» **Problem details**
The following entries should be restated word for word, pictures excluded.

- - - -

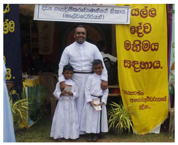
Salvatorian desk at a vocation promotion event
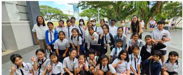
Springdalites and teachers were all smiles after watching the musical.
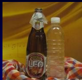
The various containers of Noncommercial Alcohol
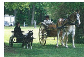
All sizes welcome at the DDC Pleasure Show Caroline 4-H Park, Denton, MD
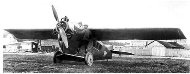
Fig. 2. One of the first all-metal Soviet propeller-piston aircrafts of type ANT-2 designed by the young aircraft designer A.N. Tupolev (1924) [5]

Thus, step by step, in CAHI, production and design teams were formed, aimed at creating in the USSR a new aviation technology, which the army and society as a whole needed.
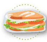
Ziploc & other reclosable food storage bags

- - - -

» **Exercise answer**
Salvatorian desk at a vocation promotion event
Springdalites and teachers were all smiles after watching the musical.
The various containers of Noncommercial Alcohol
All sizes welcome at the DDC Pleasure Show Caroline 4-H Park, Denton, MD
Fig. 2. One of the first all-metal Soviet propeller-piston aircrafts of type ANT-2 designed by the young aircraft designer A.N. Tupolev (1924) [5]

Thus, step by step, in CAHI, production and design teams were formed, aimed at creating in the USSR a new aviation technology, which the army and society as a whole needed.
Ziploc & other reclosable food storage bags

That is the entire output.